Having thus failed to induce his fellow citizens to listen to him, he turned his attention to the strangers arriving in the city on commerce or pilgrimage. But the Quraish made attempts to frustrate his efforts. They hastened themselves to meet the strangers first on different routes, to warn them against holding any communication with the Prophet, whom they represented as a dangerous magician. When the pilgrims or traders returned to their homes, they carried with them the news of the advent of the bold preacher who was inviting the Arabs loudly - at the risk of his own life - to abandon the worship of their dear idols.

Now the Prophet and his followers became subject to some persecution and indignity. The hostile Quraish prevented the Prophet from offering his prayers at the Sacred House of the Ka'ba; they pursued him wherever he went; they covered him and his disciples with dirt and filth when engaged in their devotions; they scattered thorns in the places which he frequented for devotion and meditation. Amidst all these trials the Prophet did not waver. He was full of confidence in his mission, even when on several occasions he was put in imminent danger of losing his life.

At this time Hamza, the youngest son of Abdul Muttalib, adopted Islam. Hamza was a man of distinguished bravery, an intrepid warrior, generous and true, whose heroism earned for him the title of the "Lion of Allah." He became a devoted adherent of Islam and everlost his life in the cause.

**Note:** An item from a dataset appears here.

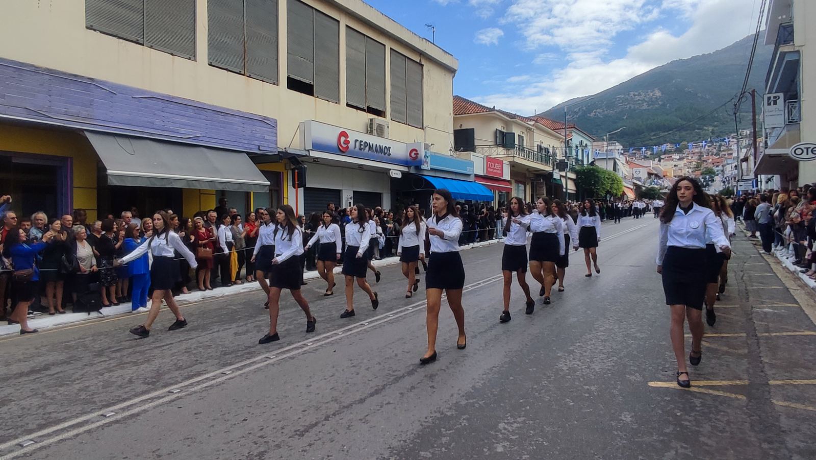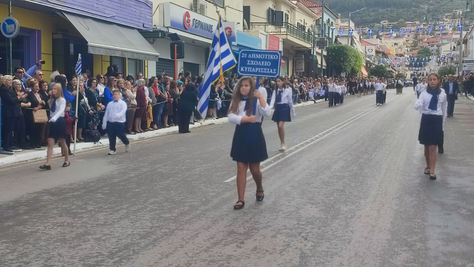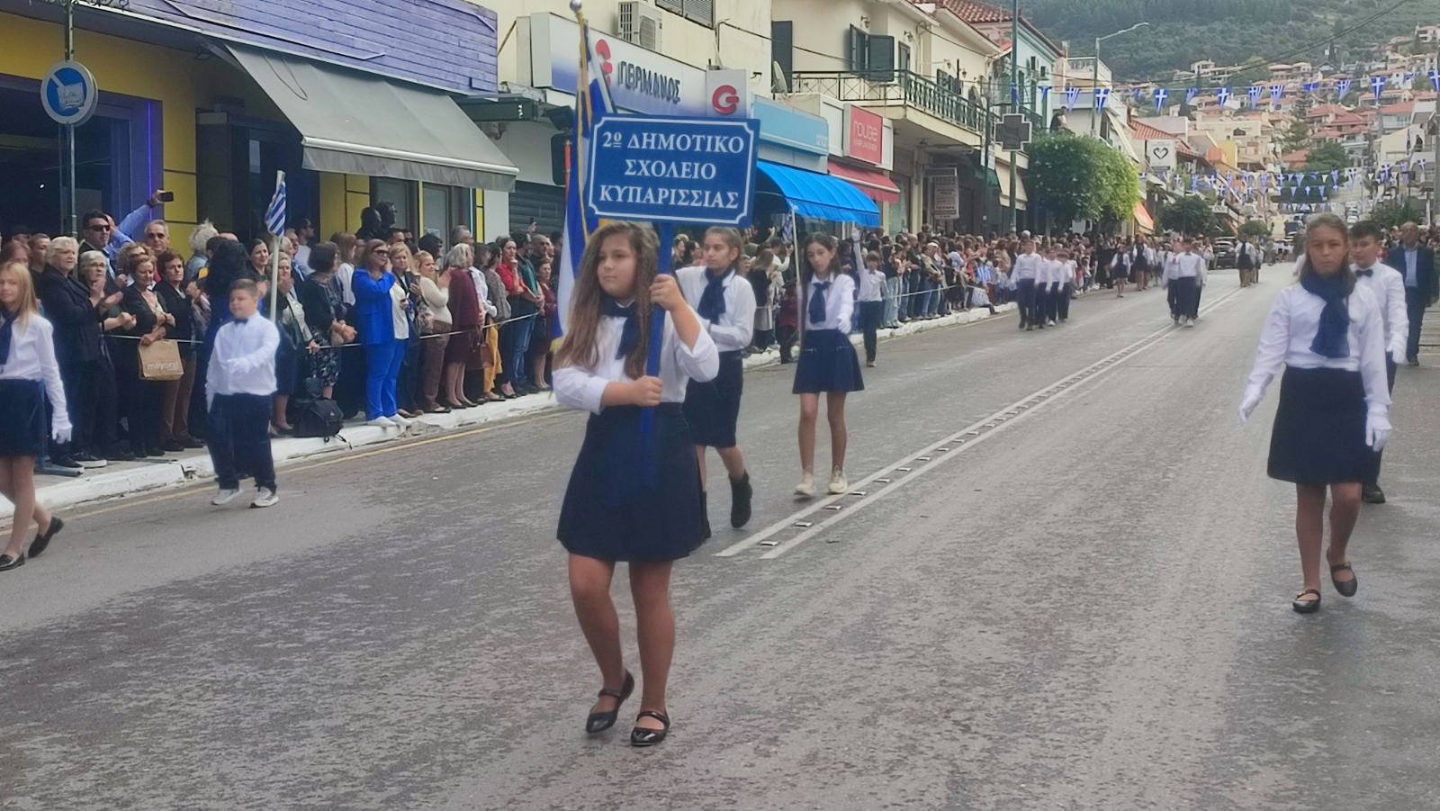 Ακολούθησε η μεγάλη μαθητική παρέλαση στην οδό Ελευθερίου Βενιζέλου παρουσία πλήθους κόσμου που χειροκρότησε με θέρμη τα παιδιά της πόλης. Οι εκδηλώσεις έκλεισαν με παράσταση παραδοσιακών χορών από το Μορφωτικό Εκπολιτιστικό Σύλλογο Κυπαρισσίας (ΜΕΣΚ) στην κεντρική πλατεία.

The Prophet continued preaching to the Arabs in a most gentle and reasonable manner. He called thepeople, so accustomed to iniquity and wrong doings, to abandon their abominations. In burning words which excited the hearts of his hearers, he warned them of the punishment which Allah had inflicted upon the ancient tribes of 'Ad and Thamud who had obstinately disobeyed the teachings of Allah's messengers to them. He adjured them by the wonderful sights of nature, by the noon day brightness, by the night when it spreads its veil, by the day when it appears in glory to listen to his warning before a similar destruction befell them. He spoke to them of the Day of Reckoning, when their deeds in this world will be weighed before the Eternal Judge, when the children who had been buried alive will be asked for what crime they were put to death.

Almighty Allah said: Nay, they wonder that there has come to them a Warner (Muhammad) from among themselves. So the disbeliveers say: "This is a strange thing! When we are dead and have become dust (shall we be resurrected)? That is a far return." We know that which the earth takes of them (their dead bodies), and with Us is a Book preserved (i.e., the Book of Decrees).

Nay, but, they have denied the truth (this Qur'an) when it has come to them, so they are in a confused state (can not differentiate between right and wrong). Have they not looked at the heaven above them, how We have made it and adorned it, and there are no rifts in it? And the earth! We have spread it out, and set thereon mountains standing firm, and have produced therein every kind of lovely growth (plants).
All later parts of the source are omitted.